Но его опять схватили, возражая, что и это он все врет со страха, а из свинарни убежит, если ему поверят и пойдет искать клад.

– Ступай туда скорее, Ультим! – прибавил другой поселянин, указывая на пустой алтарь, от которого он сам только что ушел прочь, отправляясь домой, потому что, как и Грецин, не желал видеть дальнейшей агонии жертвы.

– А что они теперь делают? – спросил Ультим.

– Кончают укладывать жертвы. Возня была порядочная!.. Уже несколько лет таких хлопот не помнится. Балвентий долго бился... диковина, откуда сила нашлась в таком хилом старичишке?! Сколько ни просили его, сколько ни уговаривали, добровольно не лег, сдал драться кулаками и ногами; с большим трудом одолели его, уложили в Сатуру на постеленный холст, точно на тюфяк поместили поверх разного съедобного от пира.

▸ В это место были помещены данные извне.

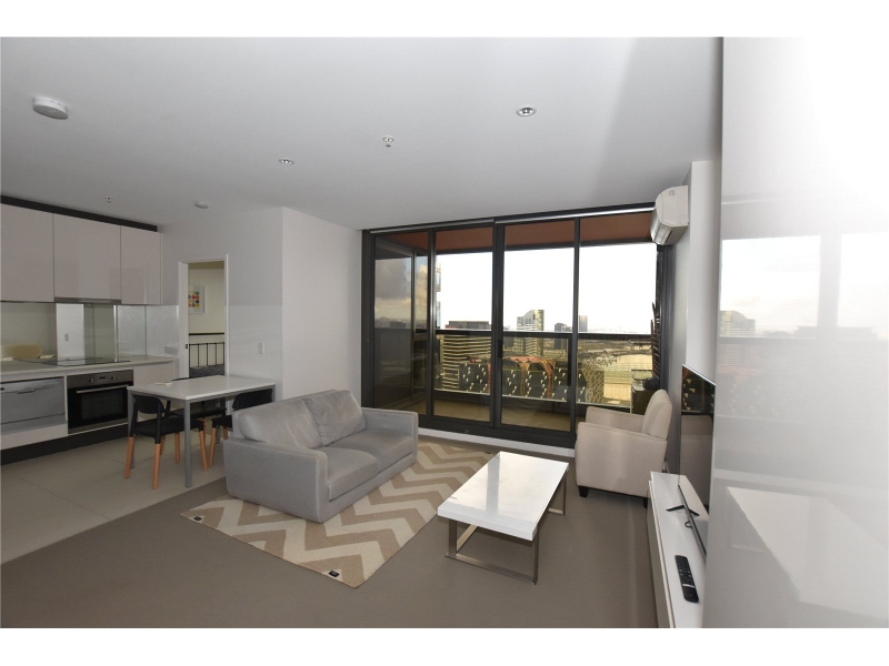 A fresh blend of sunlit space and unrivalled style, this immaculate 2 bedroom, 2 bathroom, with balcony apartment captivates on the 33rd floor of the Madison building. As a part of the New York-inspired Upper West Side complex, the luxury living is superbly matched by a compelling lifestyle. Simply stroll to Southern Cross trains, Marvel Stadium, Flagstaff Gardens, Crown, free city trams, Coles, outlet shopping and some of the best cafes, bars and restaurants in the whole of Melbourne. The effective use of floor-to-ceiling glass is an overriding feature of this radiant retreat. Attracting northern light with ease, spacious open-plan living and dining pivots a high-quality kitchen boasting stone-topped surfaces, a mirrored splashback and stainless-steel appliances including an electric cooktop, dishwasher and a fridge/freezer. Step outside to a sheltered balcony featuring spectacular views sweeping over Marvel Stadium and the neighbourhood skyline with a sizeable blue-water glimpse of Port Phillip Bay. The robed bedrooms are generous in scale and filled with natural light, serviced by a perfect pair of deluxe bathrooms boasting floor-to-ceiling tiles and mirrored cabinetry. Additional features include a concealed laundry with washing machine, a tiled entrance, split-system heating and cooling, double glazing and roller blinds. Madison comes complete with video intercom entry, concierge, and premium resort-style access to pools, gyms, a BBQ terrace, gardens, a rock climbing wall and a multi-purpose function room with kitchen facilities. Your search stops here! * Photo identification will be required upon entering the property. Please contact our agent for your personal tour of this home today.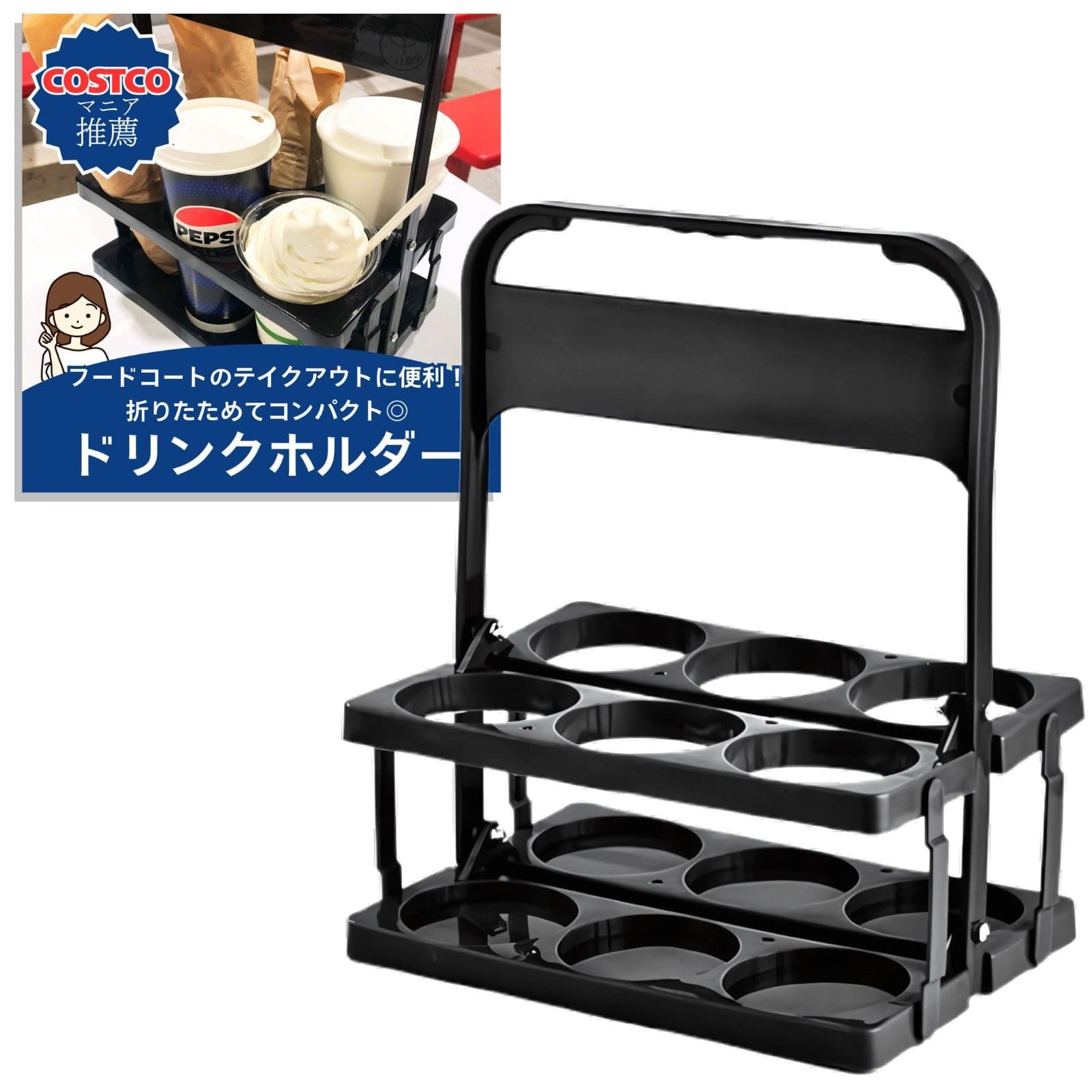 ドリンクホルダー 6本 折りたたみ ド ブラック レッド ブルー グリーン イエロー ピンク ラベンダー パープル

– Я туда поросенка несу; отец велел под голову Балвентия подложить... свинопасом, ведь, он был у господина... и колбасы... и редька, и свекла... да не пролезу никак.

– Передай через головы; укладут все.

– Кто же там у корзинки-то?

– Четверо молодцов стали держать обреченного, покуда старшины управятся с ним, чтобы не мешал выполнять все как следует: петь над ним, поливать и...

– И резать?

– Да... чтобы он не убежал из корзины, Камилл перерезал ему жилы у ступней, локтей, под коленами, и за кистями рук. После этого Балвентий бороться уж больше не мог.

– И кричал?

– Глухо... немного стонал... не мог... надорвался он криком-то раньше, покуда отбивался от укладывателей... голоса больше не стало; он охрип. Ступай скорее!.. Его уже теперь завернули в полотно; твоя сестра зашивает его на смерть; его скоро уберут всего цветами и понесут на алтарь; если тебе непременно хочется все это поместить к нему, передай другим через головы, а то не успеешь, не проберешься... закроют обреченного, – тогда уж ничего больше ни от кого не примут... и так Сатура почти полна.

Ультим передал все принесенное им через толпу, из рук в руки, от одних к другим, и не стал протискиваться к самой жертвенной корзине, довольствуясь тем, что мог видеть вблизи ее, через головы передних зрителей.

Ему было очень жаль свинопаса; «'Поросячий ум» забавлял его, смешил глупостью; от этого юноша не пошел прощаться с ним; он был уверен, что расплачется о его грустной участи.

За общим говором он не мог слышать голоса стенающей жертвы, – жалобы, просьбы, или предсмертных слов иного содержания, какие лежащий, несомненно, произносил в эти минуты, судя по движению мускулов его лица, которое одно виднелось от всей его фигуры под украшениями из цветов, лент, пестро раскрашенных деревянных и восковых бус, нанизанных в виде ожерелий, бахромы, и цепочек внутри и снаружи по краям жертвенной корзины.

С обреченным, по-видимому, уже все немногие желавшие успели проститься, когда подошел Ультим. Старшина Камилл, выбранный на этот праздник в жрецы, чтобы быть главным совершителем обрядов, стал предлагать Балвентию «последнюю чашу» – усыпительную смесь из отвара разных трав, для облегчения его страданий, – но старик плотно стиснул губы от боли своих ран, закрыл глаза, и ничего не исполнял из того, что ему внушали.

– Питье-то надо было раньше дать! – говорили в народе...

– Позабыли об этом.

– Эх!.. Все у нас так... А Камилл хвастается, что знает все порядки... теперь обреченный до полночи промается.

И многим стало жаль старика, но никто не вспомнил о чучеле, кидаемом в жертву реке вместо человека; никому в голову не пришло о возможности применить и сюда такую замену.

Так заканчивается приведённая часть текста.